The bill deals with two sensitive changes: the disclosure of rulings and the performance of arbitrators. It limits, for example, the number of cases in which a single professional may act – a maximum of ten –, prevents the same formation of a court from being repeated in another, and determines that before accepting the invitation to act as a judge, the arbitrator will have to disclose the arbitrations in which he or she acts.
In the justification part of the bill, the author, Ms. Coelho, says that the idea “is to increase legal certainty and cohesion of decisions”. Contacted by Valor, she was not immediately available for comments.
The vision of specialists in the sector, however, is completely different. Besides misaligning the country’s rules with those practiced in the rest of the world, they say, there would be unconstitutionality. By limiting the role of arbitrators, for example, free enterprise would be restricted. It would be like telling a doctor how many patients he can see.
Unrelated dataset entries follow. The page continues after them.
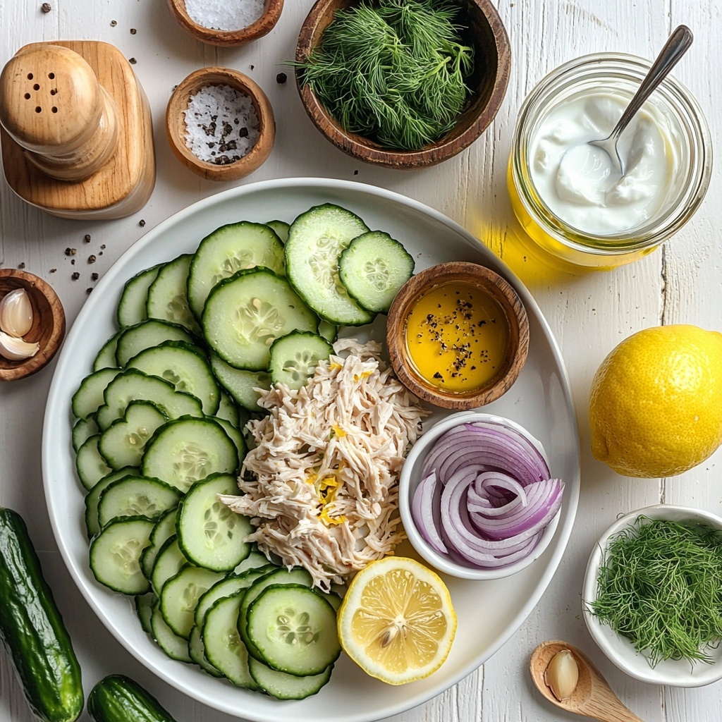 A refreshing and high-protein cucumber salad that combines crisp cucumbers, tender chicken breast, and a creamy Greek yogurt dressing, enhanced with fresh herbs and zesty lemon for a nutritious meal perfect for a light lunch or dinner.
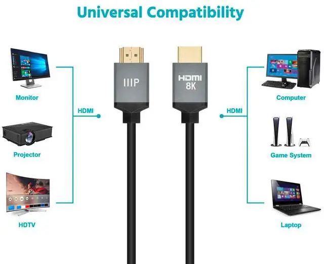 Supports 8K at 60Hz and 4K at 120Hz with 48Gbps bandwidth, delivering crisp detail, fluid motion, and lifelike color for home theater, gaming, and streaming.
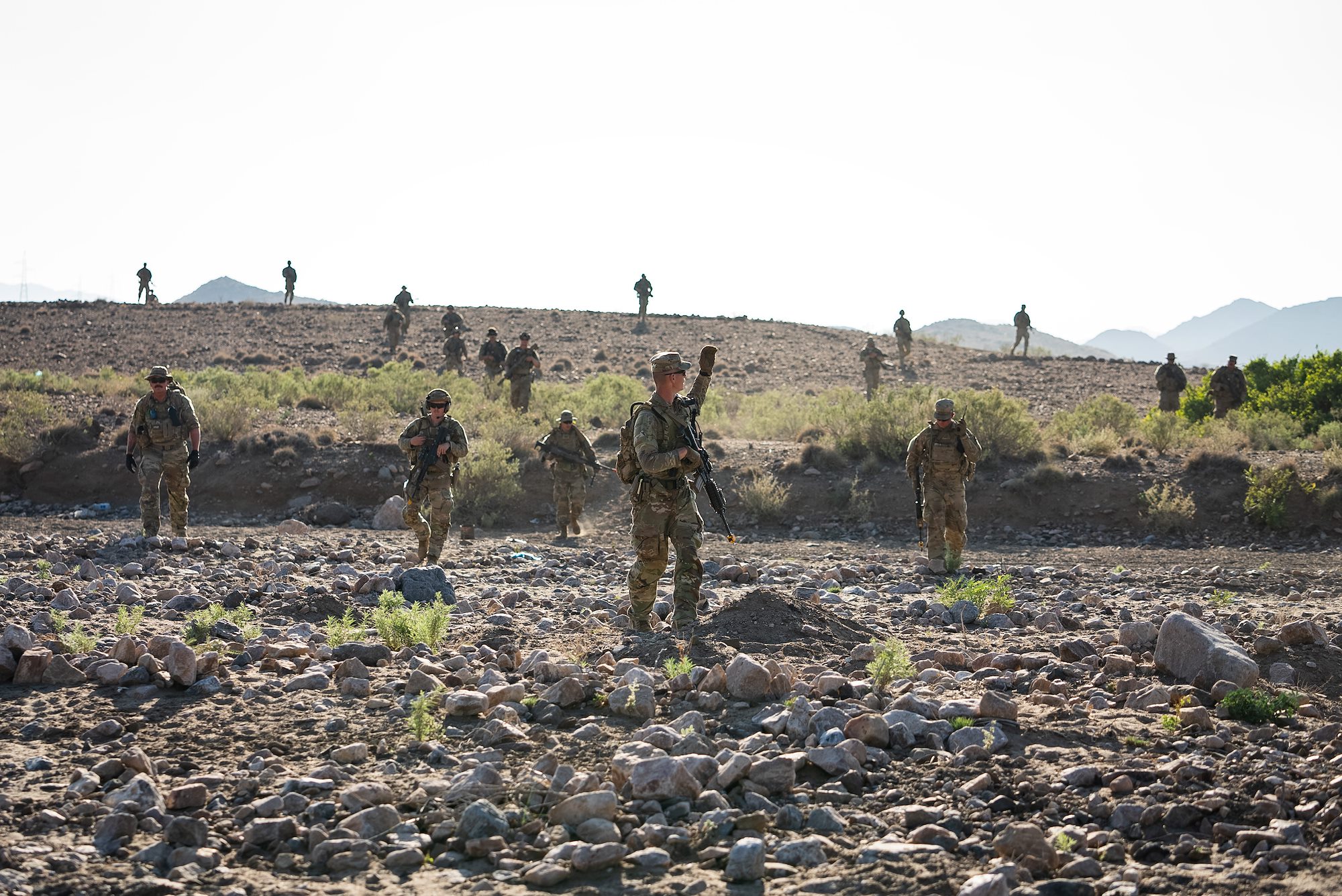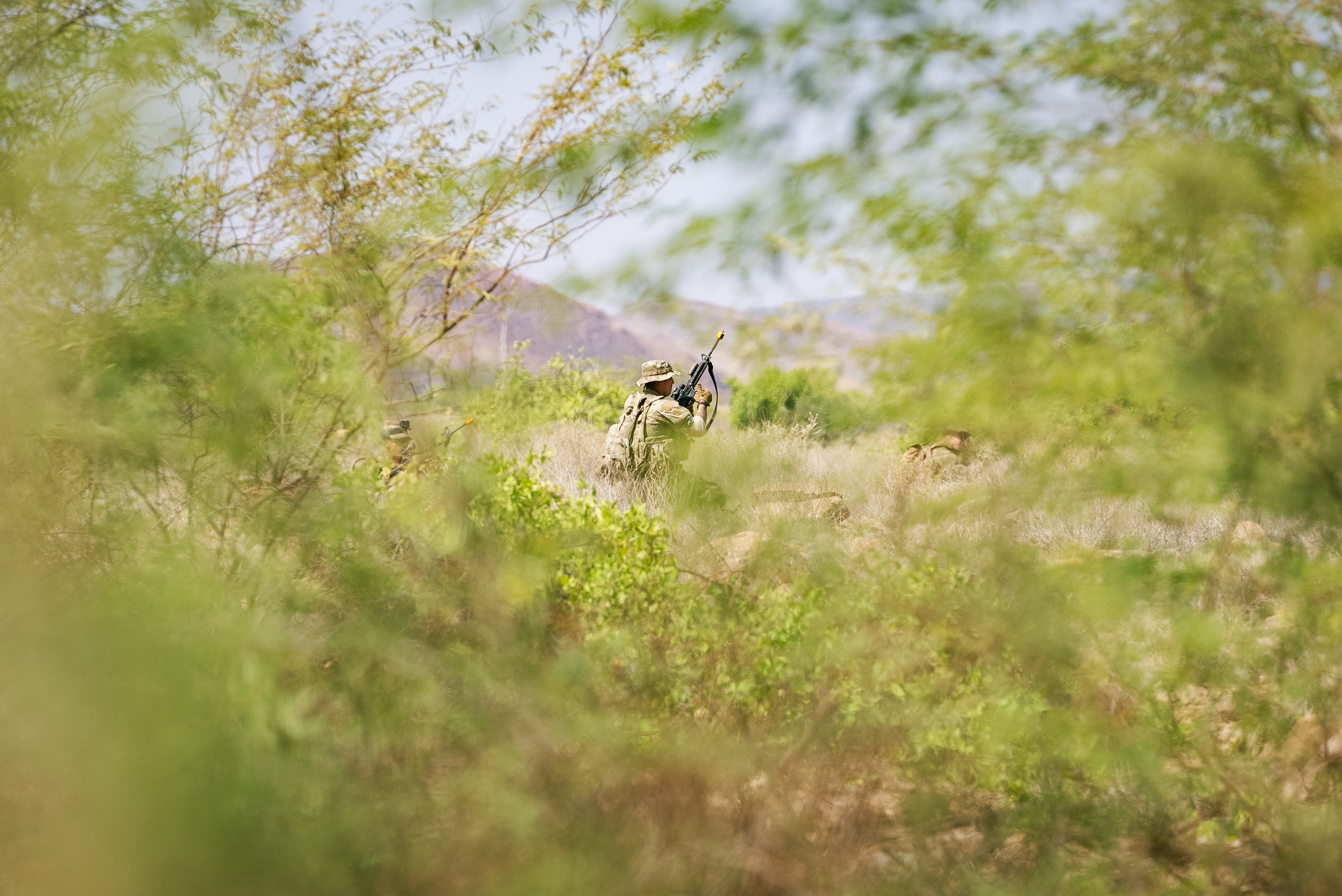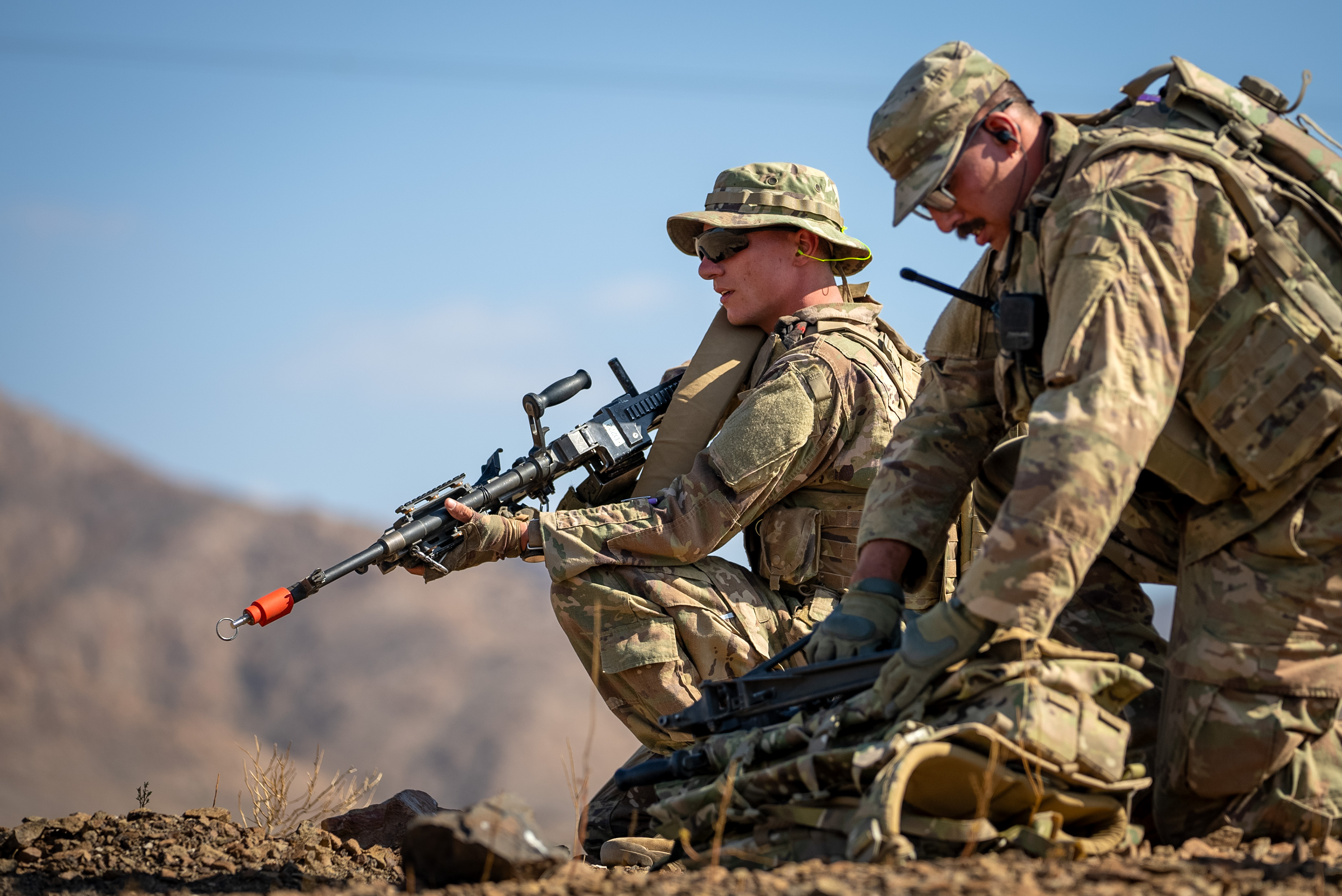 Taskforce Tomahawk soldiers return fire during an ambush on a mountainside during Exercise Wakri near Ali Sabieh, Djibouti, Dec. 5, 2023. (Department of Defense photo by U.S. Air Force Staff Sgt. Dylan Gentile)
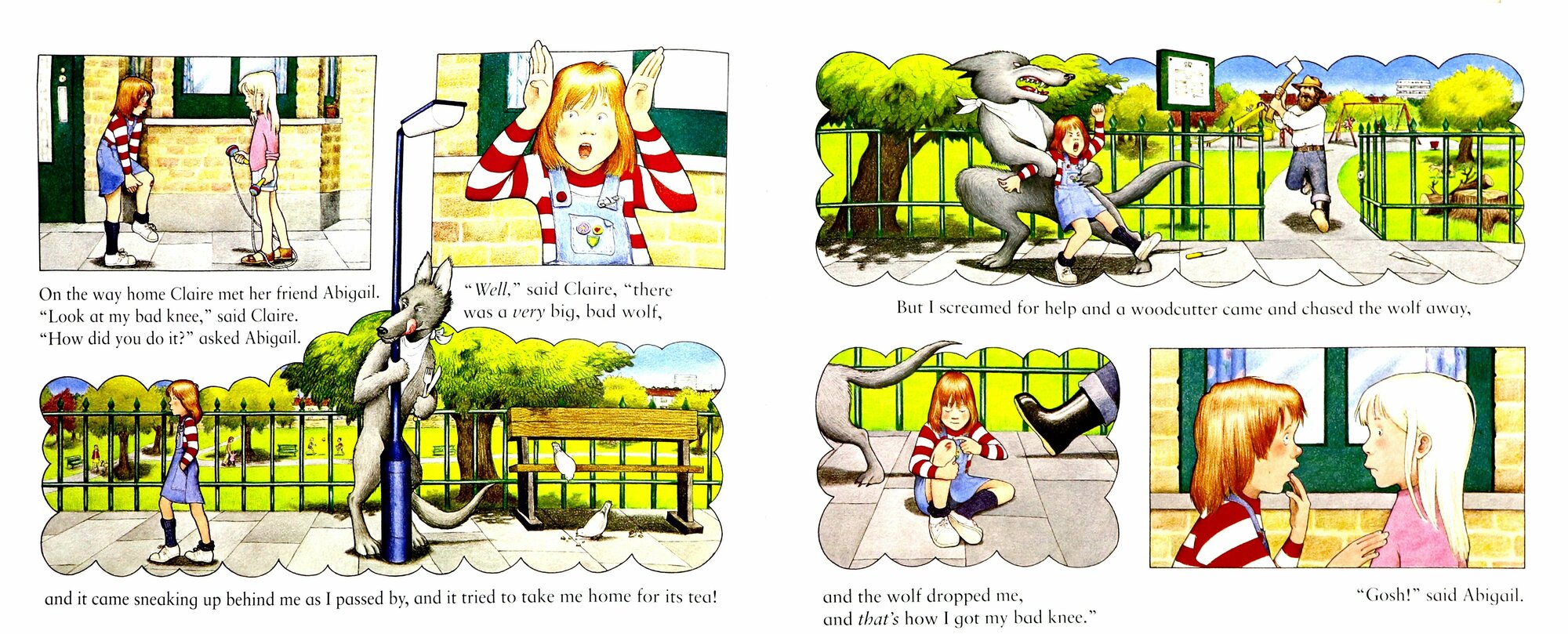 Claire has hurt her knee so she sets off home to tell her mum all about it. On the way she meets her friends and tells them how the fall happened. But just how did it happen...? Was she dropped by a wolf, a slithering snake, an enormous dragon or a hairy gorilla?!
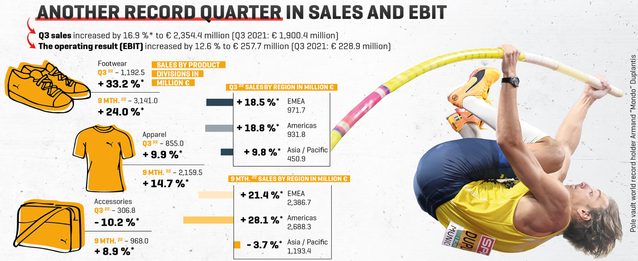 彪马的最新财报中,也提及了营销成本增加对利润的影响:第三季度,包括营销在内的运营费用增长了25.8%,给公司造成了约8.5亿欧元的损失。
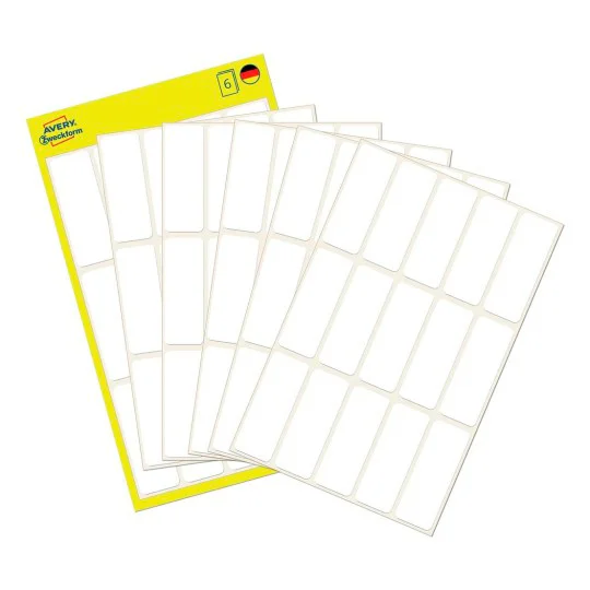 Белые мини-этикетки с перманентным клеем 3076 для оформления от руки формата 38x14 мм от AVERY ZWECKFORM. Идеально подходят для любой мелкой маркировки предметов, документов и файлов. В упаковке 90 шт.
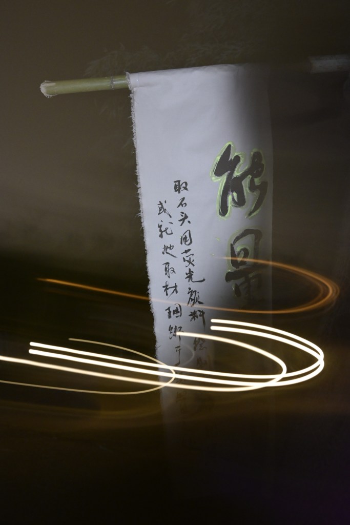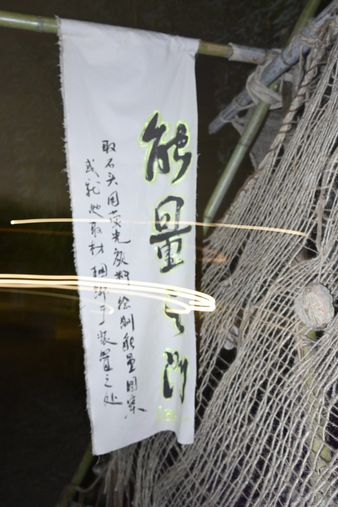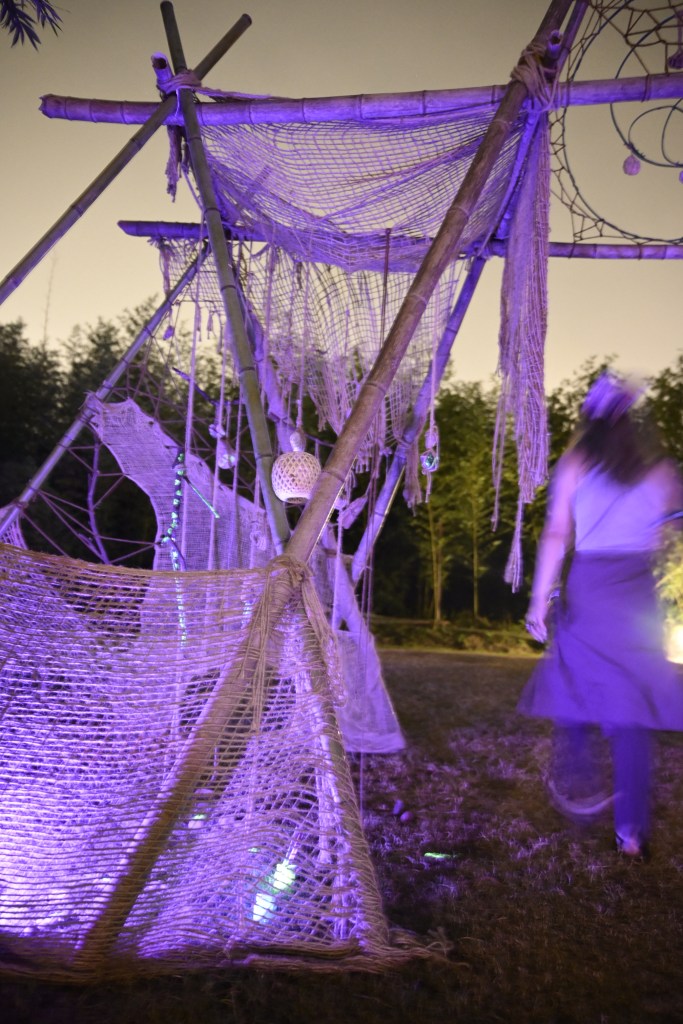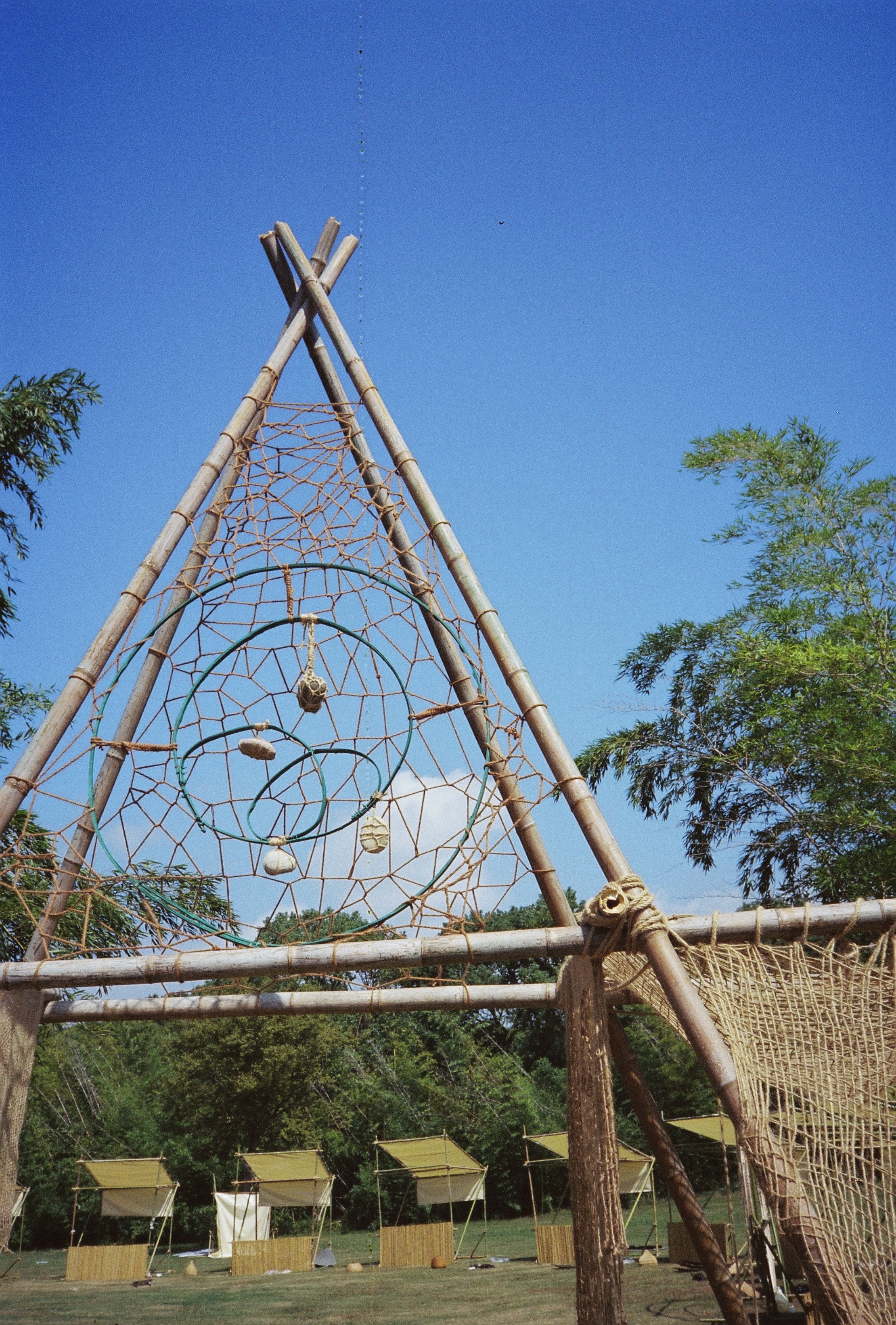 Made from bamboo, castor rope, picked up stones, branches and eco-friendly fluorescent paint.

Nobody disagrees, however, that the discussions around the duty of disclosure of arbitrators are more latent. They gained momentum after an injunction decision by the Court of Justice of São Paulo (TJSP) suspending the sentence given in the arbitration in which J&F and Paper Excellence dispute shareholding control of Eldorado Brasil – in March 2021.
One of the reasons was the participation of one of the arbitrators. J&F claims that the judge shared an office with lawyers who work for the opposing party and did not disclose this information in the case.
Lawyers who work with arbitration say, however, that requests to challenge an arbitrator are a minority. At the Center for Arbitration and Mediation of the Chamber of Commerce Brazil-Canada, one of the leading ones in the country, for example, the decisions regarding requests to challenge arbitrators amount to less than 1% of all cases in progress.
In 2021, there were 427 proceedings in progress and only three decisions were rendered on challenges to arbitrators. In all cases, the arbitrators continued.
According to lawyers heard by Valor, Brazil adopts the same criteria as other countries that also practice arbitration and follows international doctrine and jurisprudence. In cases where there is a challenge request, it is necessary to verify whether the fact that was not disclosed may influence the judgment.